The resort here set up its own Twitter account quite a few months ago. I tried to get the other staff interested in tweeting but nobody, and I mean nobody at all, has any interest in being involved. They don't see the point. In fact, we were talking about deleting the account until someone driving past one day set their phone to collect tweets from people in the area. He was surprised to find someone tweeting near him when he was in the middle of absolutely nowhere, and pulled in to visit. As a result we had a decent sized church reunion held here with a much bigger one planned for next year. So Twitter became an accepted, however grudgingly, form of promotion.

I'm not the most technically capable nor knowledgable person you will ever find. I resisted Facebook for ages, and I don't have my own Twitter account because I just don't enjoy people's company enough to want to interact with them 24 hours per day. I enjoy Craig time, I love having space to hide away to myself, reading books that don't need to be charged, listening to albums I need to physically place on a turntable or in a CD player.

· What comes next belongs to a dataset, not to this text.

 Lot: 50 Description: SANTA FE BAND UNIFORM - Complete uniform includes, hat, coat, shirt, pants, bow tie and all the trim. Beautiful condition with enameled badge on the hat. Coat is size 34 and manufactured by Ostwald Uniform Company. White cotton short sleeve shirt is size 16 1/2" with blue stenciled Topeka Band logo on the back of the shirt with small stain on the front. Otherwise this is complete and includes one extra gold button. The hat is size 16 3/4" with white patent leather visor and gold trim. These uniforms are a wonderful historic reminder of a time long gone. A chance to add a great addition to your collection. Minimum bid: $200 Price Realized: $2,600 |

I'm not about to argue that the world shouldn't be speeding along its technological path, and I'm not about to start marching in the streets to prevent the mass slaughter of CDs, but I'm also not going to deny I love kicking it old school.

But I've been listening to some lectures from SlowTV that discuss Twitter, and I've slowly been learning what it's supposed to be about. (Phil here tried to tell me yesterday that it was about whatever anyone wanted it to be about, but I disagree, I think that if the majority think it's about something then that's what it's about. You can disagree but you're not going to be communicating with the rest of the Twitter world who don't agree with you.) To date I've just been updating with the most banal and esoterical snippets you could imagine. I mean, I try to post interesting things but for god's sake, we live in a place where the highlights of some days are that we got eight eggs from the chickens instead of seven.

But apparently it's all about sharing and caring. Posting lots of interesting links and retweeting lots of interesting tweets. I've been contemplating spending more time on there so that our resort personna attracts more friends and hence more promotion. It just makes sense.

So I added a couple more people, namely the journalists Leigh Sales and John Birmingham. I read both their work in The Monthly regularly, and like the cut of their jib, so to say. (On a side note, Phil told me that Leigh Sales is a regular at the Bodymindlife Yoga Studio he runs in Surry Hills - small world.) The next morning I logged on to find, much to my shock, John Birmingham was following us in return.

I love the guy's writing. He Died With A Felafel In His Hand is the obvious hit, however I absolutely adore his "unauthorised biography" of Sydney, the vast Leviathon. In terms of research and information it's as compact as Robert Hughe's The Fatal Shore, but with a much sharper sense of humour. Okay, so Hughes's tome has no sense of humour. Birmingham has the attitude of an illiterate larrikan except he can actually write. It's a wonderful mix, especially when you're reading his fascinating political articles.

I noticed him following us and double checked to make sure it was the real Birmingham (links to his articles, notes on his drunken escapades - yep, definitely him). I then started thinking, "How can I continue to tweet the tweets of the past with John Birmingham reading them?" Suddenly it's not just a throw away comment to bust out before signing in a group booking, it's a literary creation that has to be good enough for the eyes of a revered and respected (if only by me, I think only one other person here knows who he is) author.

I now plan on working on my tweets for at least two hours per missive, and send it off to Jude who lives here and is an editor in her own right for checking. I'll attempt to keep character, plot and a thematic brilliance that not only enlightens on life here at Jasper's, but consists of clever societal undertones and comments on the wider world we live in.

Christ, and I thought writing stories was a challenge.